The imagery aimed to burnish his credentials as a youthful centrist, above partisan politics, determined to restore his nation’s greatness.
No normal president, Macron looks to the Roman god Jupiter.
Lost on no one, the symbolism matches Macron’s determination to turn the page on his unpopular predecessor, François Hollande, who had vowed to be a “normal” president. Macron, for his part, likens his role as head of state to that of Jupiter — the Roman king of the gods who ruled from above.
“I don’t believe in a ‘normal’ president,” Macron told business magazine Challenges last October. “I think the president of contemporary, democratic France needs to be someone who leads society by the force of his convictions and actions, and offers clear direction.”
Macron’s association with Jupiter demonstrates a skillful use of symbolism, according to linguistics professor Julien Longhi of the University of Cergy-Pontoise. “Jupiter is the god of the gods, the one who commands. Emmanuel Macron gains nobility while avoiding political jargon.”
Speaking of Macron’s “Jupiter” style, Gérard Courtois, the editorial chief at Le Monde newspaper, said: “Long before he was a presidential candidate, he philosophized on the vacuum created by the functioning of our democracy, the absence of the ‘figure of the king.’ He is now working to fill it.”
Macron is trying to position himself as heir to two French presidents — Charles de Gaulle and François Mitterrand — who also draped themselves in symbols and sought to stay above the fray while promoting national autonomy. They demonstrated “an ability to enunciate a meaning and a sense of direction anchored in the history of the French people,” the new president has said.
Riding a wave of popularity and France’s strong standing
Macron is being helped by some favorable winds.

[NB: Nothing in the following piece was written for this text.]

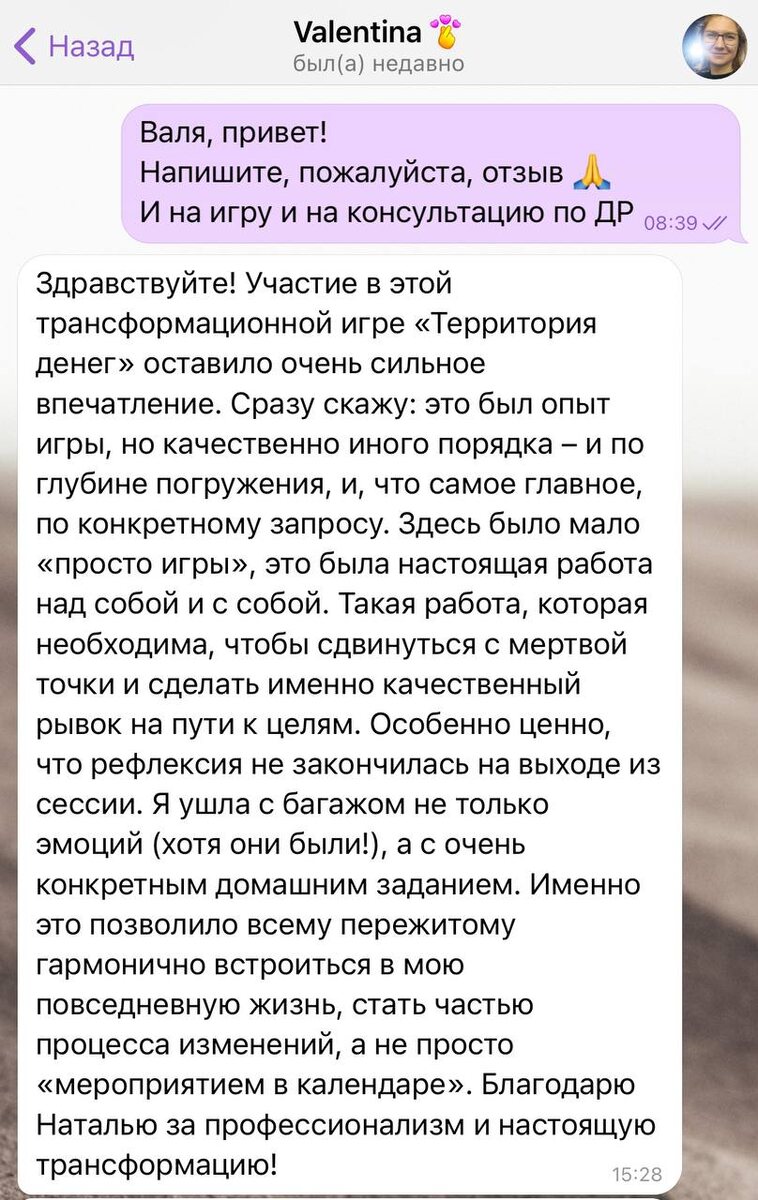 💌 О том, как важны ваши слова Друзья, для меня по-настоящему ценна ваша честная, живая обратная связь — после консультации по дате рождения, участия в трансформационных играх, после любого общения, где мы касаемся глубин, смысла и энергии жизни. Когда вы делитесь тем, что почувствовали, с чем ушли, что запустилось в вашей реальности — я читаю это сердцем. Иногда слёзы, иногда мурашки. Но всегда — благодарность. Потому что трансформации становятся реальными через ваши глаза и опыт ✨ На прошлых выходных прошла камерная, очень глубокая игра «Территория денег». У нас было всего две участницы — и это создало невероятно тёплую атмосферу. Познакомилась с Валентиной — и вот её отзыв. Пусть он станет откликом тем, кто чувствует зов, но пока сомневается 💫 📎 Мои услуги. Обнимаю. И спасибо каждому, кто идёт со мной в этот путь 💛 #территорияденег #отзывы #нумерологиявжизни #играпомощник #кодуспеха

France now is the world’s leading “soft power,” having leaped ahead of the United States and Britain in an international ranking of countries’ ability to harness global alliances and influence other nations through an appeal that does not rely on military or economic might.
“Elected on a pro-Europe platform of reform, the president is riding a wave of both domestic and international popularity,” the report by PR firm Portland Communications and the University of Southern California’s Center on Public Diplomacy said.
The report noted that the United States and Britain fell back in the 2017 rankings following the election of Trump, who has shunned alliances in favor of a go-it-alone approach, and Britain’s vote to leave the European Union.
The deteriorating international image of the United States under Trump may give Macron some running room. In a recent poll across 37 nations, the Pew Research Center found that a median of 22 percent of the respondents had confidence in Trump to do the right thing when it comes to international affairs. That was down from 64 percent at the end of Barack Obama’s presidency.
“A more dynamic and energized France”
In the presidential campaign that preceded the clinching of a comfortable parliamentary majority, the new president nailed his colors to the EU mast, vowing to reform and strengthen the world’s biggest trading bloc.
After populist, anti-EU parties lost ground in several European votes, the mood on the continent has turned more pro-Brussels, according to another Pew poll, that found that a median of only 18 percent in nine continental EU nations wanted their own country to leave the EU.
Even Macron’s plan to strengthen Europe’s security defenses faces a more favorable environment: another Pew survey found that the image of the North Atlantic Treaty Organization has improved on both sides of the Atlantic.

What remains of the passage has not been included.